Esittelee is present tense, 3rd person singular of the verb esitellä (to present, to introduce).
Formally:
- verb stem: esittele-
- personal ending: -e (3rd person singular → -e with this type)
So esittelee means “(he/she) presents / is presenting.”
However, Finnish often uses the present tense for future actions when the time is clear from context:
- Opettaja esittelee kurssin alussa aikataulun.
→ The teacher will present the schedule at the beginning of the course.
So it can correspond to English “presents,” “is going to present,” or “will present”, depending on context.
The dictionary (infinitive) form is esitellä (to present, to introduce).
Indicative present forms:
- minä esittelen – I present
- sinä esittelet – you present
- hän esittelee – he/she presents
- me esittelemme – we present
- te esittelette – you (pl.) present
- he esittelevät – they present
So esittelee is just the hän (he/she) form of esitellä in the present.
Yes. Finnish word order is more flexible than English, especially with adverbials like time expressions.
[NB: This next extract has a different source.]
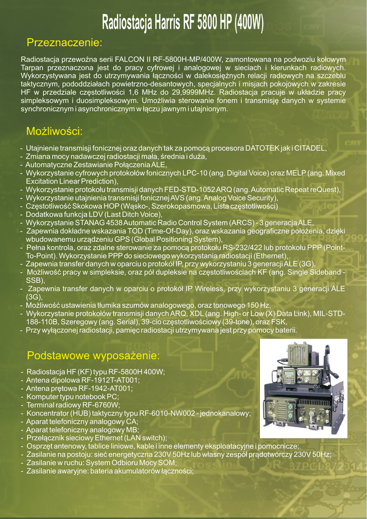 Radiostacja Harris RF 5800 HP (400W) Przeznaczenie: Radiostacja przewoŸna serii FALCON II RF-5800H-MP/400W, zamontowana na podwoziu ko³owym Tarpan przeznaczona jest do pracy cyfrowej i analogowej w sieciach i kierunkach radiowych. Wykorzystywana jest do utrzymywania ³¹cznoœci w dalekosiê¿nych relacji radiowych na szczeblu taktycznym, pododdzia³ach powietrzno-desantowych, specjalnych i misjach pokojowych w zakresie HF w przedziale czêstotliwoœci 1,6 MHz do 29,9999MHz. Radiostacja pracuje w uk³adzie pracy simpleksowym i duosimpleksowym. Umo¿liwia sterowanie fonem i transmisjê danych w systemie synchronicznym i asynchronicznym w ³¹czu jawnym i utajnionym. Mo¿liwoœci: - Utajnienie transmisji fonicznej oraz danych tak za pomoc¹ procesora DATOTEK jak i CITADEL, Zmiana mocy nadawczej radiostacji ma³a, œrednia i du¿a, Automatyczne Zestawianie Po³¹czenia ALE, Wykorzystanie cyfrowych protoko³ów fonicznych LPC-10 (ang. Digital Voice) oraz MELP (ang. Mixed Excitation Linear Prediction), Wykorzystanie protoko³u transmisji danych FED-STD-1052 ARQ (ang. Automatic Repeat reQuest), Wykorzystanie utajnienia transmisji fonicznej AVS (ang. Analog Voice Security), Czêstotliwoœæ Skokowa HOP (W¹sko-, Szerokopasmowa, Lista czêstotliwoœci) Dodatkowa funkcja LDV (Last Ditch Voice), Wykorzystanie STANAG 4538 Automatic Radio Control System (ARCS) - 3 generacja ALE, Zapewnia dok³adne wskazania TOD (Time-Of-Day), oraz wskazania geograficzne po³o¿enia, dziêki wbudowanemu urz¹dzeniu GPS (Global Positioning System), Pe³na kontrola, oraz zdalne sterowanie za pomoc¹ protoko³u RS-232/422 lub protoko³u PPP (PointTo-Point). Wykorzystanie PPP do sieciowego wykorzystania radiostacji (Ethernet), Zapewnia transfer danych w oparciu o protokó³ IP, przy wykorzystaniu 3 generacji ALE (3G), Mo¿liwoœæ pracy w simpleksie, oraz pó³ dupleksie na czêstotliwoœciach KF (ang. Single Sideband SSB), Zapewnia transfer danych w oparciu o protokó³ IP Wireless, przy wykorzystaniu 3 generacji ALE (3G), Mo¿liwoœæ ustawienia t³umika szumów analogowego, oraz tonowego 150 Hz, Wykorzystanie protoko³ów transmisji danych ARQ, XDL (ang. High- or Low (X) Data Link), MIL-STD188-110B, Szeregowy (ang. Serial), 39-cio czêstotliwoœciowy (39-tone), oraz FSK, Przy wy³¹czonej radiostacji, pamiêc radiostacji utrzymywana jest przy pomocy baterii. Podstawowe wyposa¿enie: - Radiostacja HF (KF) typu RF-5800H 400W; Antena dipolowa RF-1912T-AT001; Antena prêtowa RF-1942-AT001; Komputer typu notebook PC; Terminal radiowy RF-6760W; Koncentrator (HUB) taktyczny typu RF-6010-NW002 - jednokana³owy; Aparat telefoniczny analogowy CA; Aparat telefoniczny analogowy MB; Prze³¹cznik sieciowy Ethernet (LAN switch); Osprzêt antenowy, tablice liniowe, kable i inne elementy eksploatacyjne i pomocnicze; Zasilanie na postoju: sieæ energetyczna 230V 50Hz lub w³asny zespó³ pr¹dotwórczy 230V 50Hz; Zasilanie w ruchu: System Odbioru Mocy SOM; Zasilanie awaryjne: bateria akumulatorów ³¹cznoœci;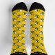 Smiling flying bee cartoon. Seamless pattern. Custom background color. Custom text on each sock.

All of these are grammatically fine:
- Opettaja esittelee kurssin alussa aikataulun.
- Opettaja esittelee aikataulun kurssin alussa.
- Kurssin alussa opettaja esittelee aikataulun.
They all mean roughly the same thing, but the information structure / emphasis can shift slightly:
Sentence-initial Kurssin alussa highlights when something happens:
→ At the beginning of the course, the teacher presents the schedule.Ending with kurssin alussa can leave the time phrase as an “afterthought”:
→ The teacher presents the schedule, at the beginning of the course.
In neutral, textbook-style Finnish, 1 or 3 are very typical. Finnish doesn’t rely on word order to mark subject vs object as strongly as English does; case endings carry that load.
Opettaja (teacher) is the subject of the sentence, so it appears in the nominative case (the “dictionary form”):
- Opettaja – (a/the) teacher
- esittelee – presents
- aikataulun – the schedule (object, in genitive/accusative)
In a simple active sentence:
[Subject in nominative] + [verb] + [object in object case]
So:
- Opettaja = subject → nominative
- aikataulun = object → genitive/accusative (total object)
You can use the same pattern [genitive] + [local case], but with loppu (end) instead of alku (beginning):
- kurssin lopussa – at the end of the course
(literally “in the end of the course”)
So you’d get:
- Opettaja esittelee kurssin lopussa aikataulun.
→ The teacher presents the schedule at the end of the course.
(odd in meaning here, but grammatically parallel)
Other common variants with kurssi:
- kurssin lopussa – at the end of the course
- kurssin lopulla – toward the end of the course (adessive nuance)
In Finnish, stress is almost always on the first syllable of each word.
Approximate breakdown (stressed syllables in CAPS):
- O-pet-ta-ja → O-pet-ta-ya
- e-sit-te-lee → E-sit-te-lee
- kurs-sin → KURS-sin
- a-lus-sa → A-lus-sa
- ai-ka-tau-lun → AI-ka-tau-lun
Other points:
- Double consonants (tt, ss, kk, ll, etc.) are held longer than single ones.
- opettaja: the tt is longer than in English “pet.”
- kurssin: ss is long.
- Vowels are pronounced clearly and not reduced like in English.
- aikataulun: all three a are clearly [a], not “uh”.
A rough, hyphenated English-style approximation:
- OP-et-ta-ya EH-sit-te-ley KURS-sin AH-lus-sa AI-ka-tow-lun
(but native-like pronunciation requires listening to Finnish speakers).